Présenté en première mondiale en clôture de la 72e Berlinale, en plus d’être en compétition à Séries Mania dans la section Panorama International, Le temps des framboises a une facture résolument cinématographie et on prend le temps d’installer les choses.

La belle-famille d’Élisabeth, qui est d’origine anglophone, va donner beaucoup de fil à retordre à la veuve. Cette dernière ne va pouvoir compter que sur ses fils et les travailleurs saisonniers pour apprivoiser la vie de fermière. La mère, Martha (Micheline Lanctôt), a plusieurs enfants: John – qui meurt alors que personne ne savait qu’il avait le cancer de l’œsophage –, Denis (Paul Doucet), Rachel (Ellen David), Peggy (Kathleen Stavert), Estelle (Nicole Leroux) et Maureen (Anne Beaudry). Cette dernière aurait avantage à réfléchir avant d’ouvrir la bouche.

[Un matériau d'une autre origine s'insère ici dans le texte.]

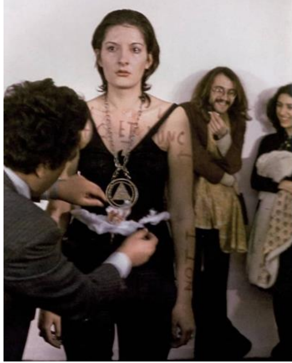
Tablo 2. Marina Abramovic, Ritim 0, 1974, Performans, Stüdyo Mona, Napoli.

Marina Abramovic'in Ritim Serisinin son çalışması Ritim 0'dır. 1974'ün sonunda Napoli'deki Mora Galerisi'nde sahnelenen bu performans, gücü seyircinin ellerine vererek, pasif izleyici arasındaki bölünmeyi gözler önüne sermek ve meydan okumak için kullanmıştır. Abramovic galeri duvarlarından birine, "Ben nesneyim. Bu süre zarfında tüm sorumluluğu alıyorum." diye bir not yapıştırarak seyirciyi haberdar etmiştir (Tablo 2). Abramovic, bu performansın rastgele olarak tanımlanmış altı saatlik süresi boyunca, akşam 8'den sabah 2'ye kadar, vücudunu giderek daha da agresifleşen bir izleyici kitlesinin ellerine emanet ederek kendini bir nesne olarak kullanmıştır.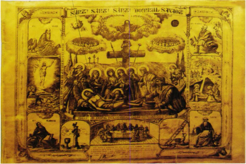
Foto 3. Antimis, 1905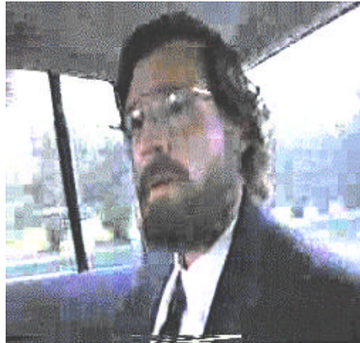
• Steve Balmer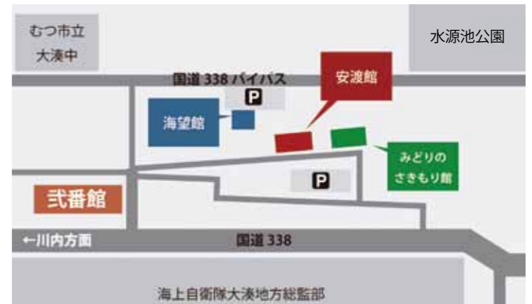
式番館駐車場混雑時は安渡館駐車場をご利用ください。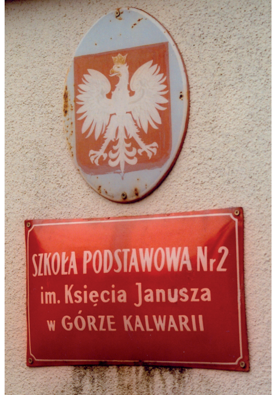
Ryc. 3. Tablica na budynku Szkoły Podstawowej nr 2 im. Księcia Janusza w Górze Kalwarii

Inny sposób upamiętniania jest związany z utworzonym w ostatnich latach Szlakiem Książąt Mazowieckich. Składa się on z 5 tras, z których jednej patronuje książę Janusz Starszy [http://www.jablonka.com.pl/szlak-ksiazat-mazowieckich]. Szlak jego imienia o długości ponad 300 km wiedzie na południe od Warszawy przez Czersk, Warkę, Kozienice, Sieciechów, Radom, Hżę, Szydłowiec, Przybyszew, Grójec, Tarczyn i przez Piaseczno wraca do Warszawy [„Na Szlaku Książąt Mazowieckich” 2012, s. 2]. Na szlaku są rozstawione ta-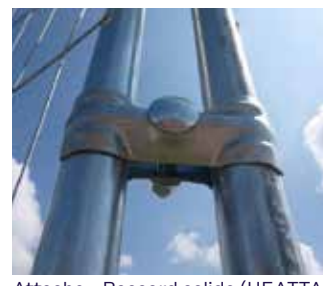
Attache - Raccord solide (HEATTA)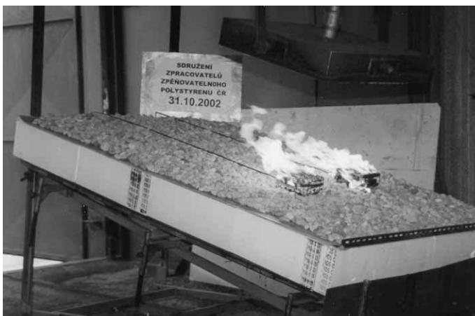
Zkouška s ochrannou vrstvou kačírku tl. 40 mm.

Dne 31.10.2002 byla provedena zkouška typu A. Složení vzorku od vrchní krytiny: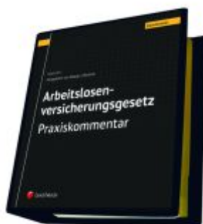
Arbeitslosenversicherungsgesetz - Praxiskommentar Ladenpreis: 290,00EUR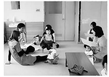
のびのび広場の様子

また歯の衛生週間ということで、町保健センターの保健師から「おやつについて」話があり、虫歯になりにくいおやつの選び方を学びました。参加者から質問もあり、虫歯予防の意識向上を図りました。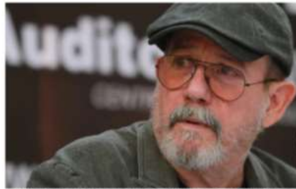
Silvio Rodríguez en un momento de su presentación en el Zócalo de la Ciudad de México.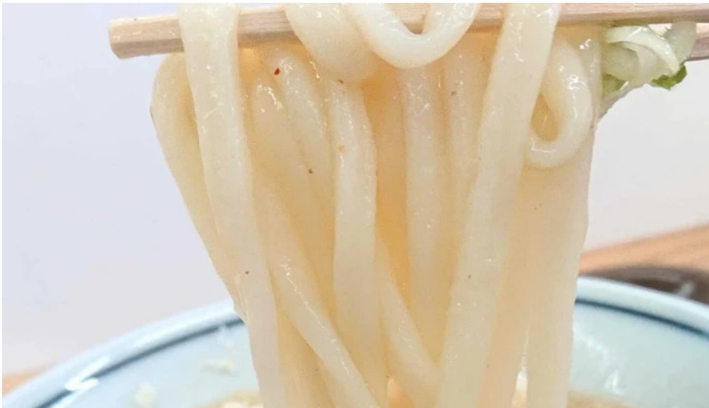
ゆんぼうどん スコア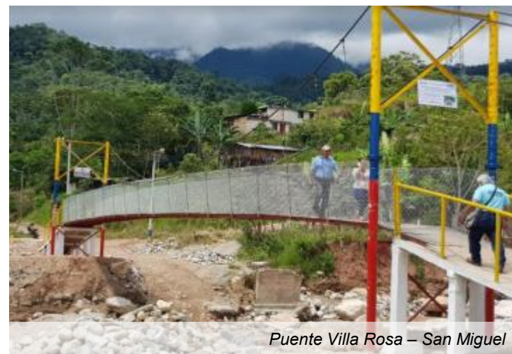
Puente Villa Rosa – San Miguel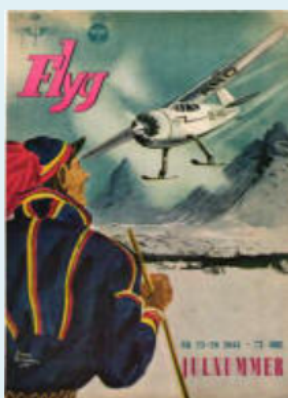
1944 nr 25/26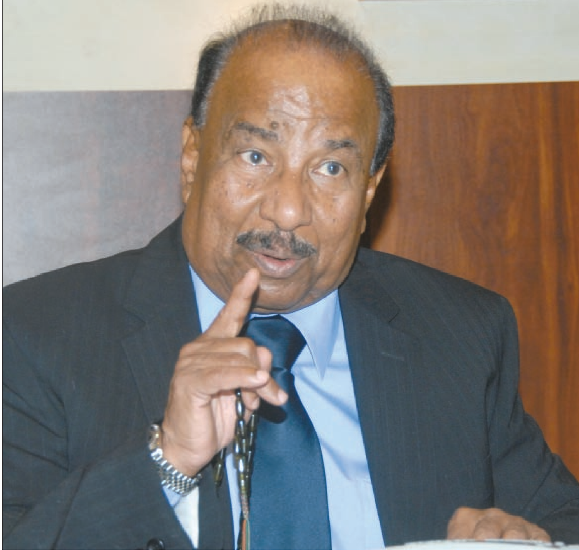
شيخ المعلقين خالد الحربان خلال تواجده في ديوانية «الأنباء»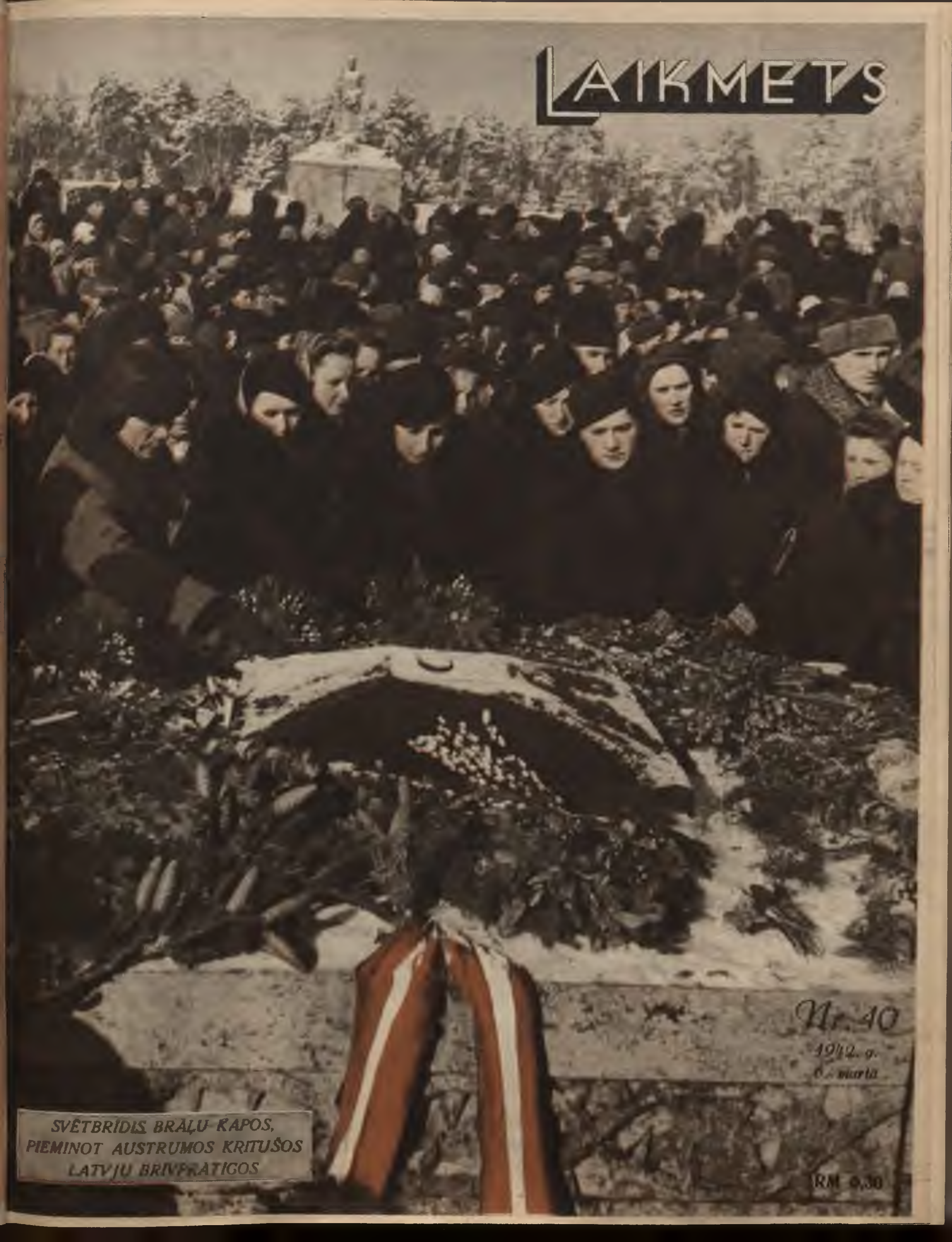
SVĒTBRĪDĪS BRĀĻU KAPOS, PIEMINOT AUSTRUMOS KRITUŠOS LATVJU BRĪVPRATĪGOS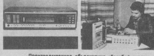
Производственное объединение «Голубой экран».

У «ТЕМПА» — ТЕМП! Так работают специалисты нового завода «Темп» на массиве Черданцева-2 по ремонту телевизоров цветного и черно-белого изображения. Принимать заявки — с 8 до 20.00, номера телефонов будут сообщены дополнительно. Владельцам аппаратуры предоставляется транспорт для доставки телевизоров в ремонт и обратно на дом. Если ремонт телевизора не сложен, линейная служба выполнит вашу заявку в летнее время с 11 до 22.00, в зимнее — с 11.00 до 18.30. Напомним адрес филиала: «МАЯК» (ул. Пушкина, 65) — ремонт магнитофонов, радиоприемников, транзисторной бытовой радиоэлектронной аппаратуры, ремонт малогабаритных телевизоров черно-белого и цветного изображения. Работает с 8 до 20.00, без перерыва и выходных дней. Телефоны: 34-01-61, 33-17-56. Телеателье на ул. Новомосковской, 31 ликвидировано. «ВЕГА» (Луначарское шоссе, 214 «а») — ремонт телевизоров черно-белого и цветного изображения, транзисторной бытовой радиоэлектронной аппаратуры. Работает с 9.00 до 18.30, без перерыва и выходных дней. Филиал завода — на массиве Карусь-4, дом 2 — ремонт черно-белых и цветных телевизоров. Работает с 9 до 18.00, перерыв — с 13 до 14.00, выходной день — понедельник. Завод «Темп» и его филиалы обслуживают только жителей Куйбышевского района. Дополнительные справки по телефону 0-65.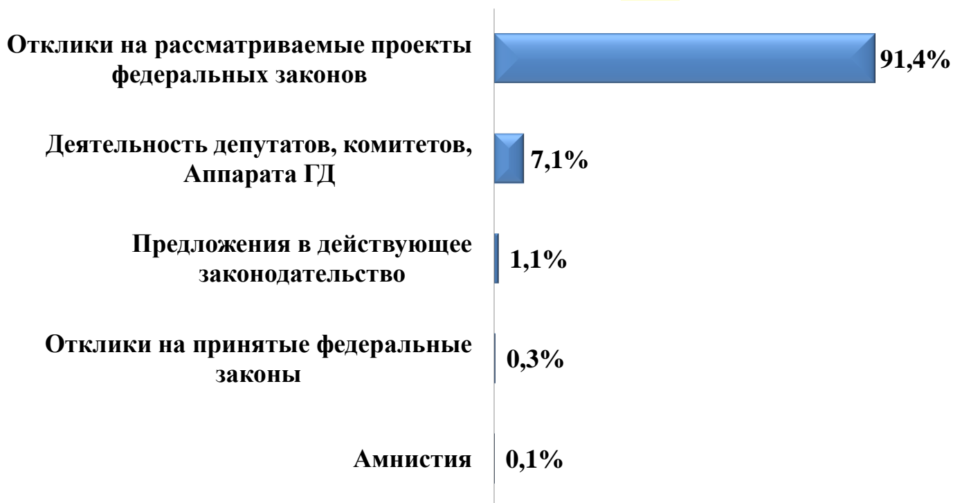
Диаграмма 6. Темы, выбранные гражданами по вопросам ведения ГД

По вопросам ведения Государственной Думы поступило 3 122 обращения.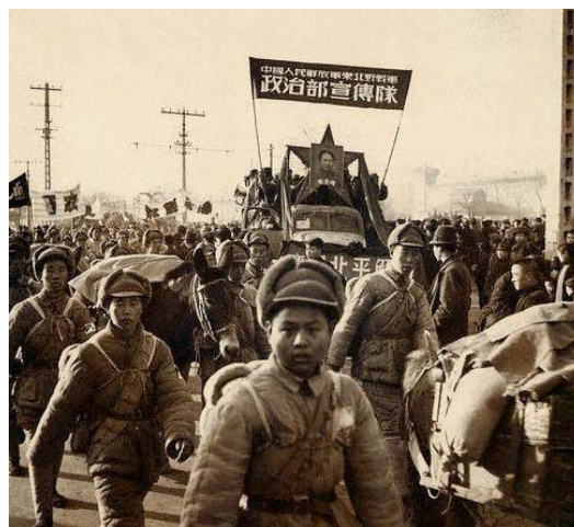
1949 el Ejército Rojo entrando en Pekin

La época de la posguerra es una época de lucha entre dos modelos económicos y sociales: el capitalista y el socialista. En la agonía del fascismo los líderes aliados y de la URSS se reunieron en Yalta, para acordar el mundo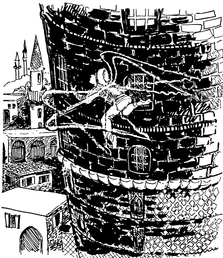
(Wêne : Ingela Jandell "Epikên Kurdi, H.Cindi, Stockholm, 1985, Invandrarförlaget" )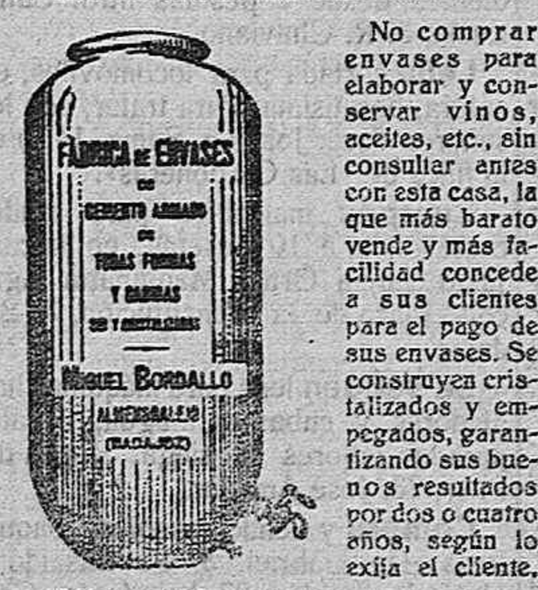
FABRICA DE FIBRAS DE CEMENTO ARMADO MIGUEL BORDALLO ALMENDRALEJO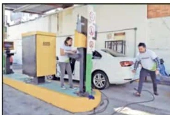
EN TOTAL HAY NUEVE VERIFICENTROS EN EL ESTADO, SIETE DE ELLOS EN LA CAPITAL MICHOACANA, QUE ES DONDE CIRCULAN MÁS AUTOMOTORES.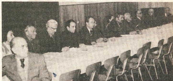
Na volilni seji so se borci dogovorili za nadaljnje naloge

Posebno strokovno telo pa mora ugotoviti kdo je za okvare na cevovodu odgovoren.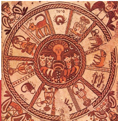
Mosaikboden in der Synagoge von Beit Alfa mit einer Sternzeichendarstellung Mosaic floor in the Beit Alfa Synagogue depicting the signs of the zodiac

Wie sind die historischen Ursprünge, Bedingungen, Entwicklungen und Wirkungen der Anwendung von Gesetzesterminologie bzw. -metaphorik auf die Deutung kosmischer Phänomene zu bestimmen? Die internationale Tagung will einerseits die bislang vorherrschende Position in der Wissenschaftsgeschichte korrigieren, die Vorstellung von «Naturgesetzen» sei erstmals im antiken Griechenland entwickelt worden. Andererseits möchte sie zu einem umfassenderen und differenzierteren Verständnis der Rede von «Naturgesetzen» in ihren historischen Entstehungskontexten gelangen und so die Vielgestaltigkeit der Interpretation regelhafter Prozesse in der Natur in der antiken Welt aufzeigen. Die Beiträge der Tagung stammen von Vertreterinnen und Vertretern der Assyriologie, Bibelwissenschaft, Klassischen Philologie, Religionswissenschaft, Ägyptologie und Physik aus den Vereinigten Staaten, Europa und Israel.

L’auteur-compositeur-interprète et arrangeur Martin Léon signe la musique de la série, lui qui a collaboré à plusieurs reprises avec Philippe Falardeau pour ses films, dont My Salinger Year et Guibord s’en va-t-en guerre. La production a aussi acquis les droits de plusieurs chansons.

Produite par Trio Orange, la série Le temps des framboises est disponible dès jeudi sur Club illico.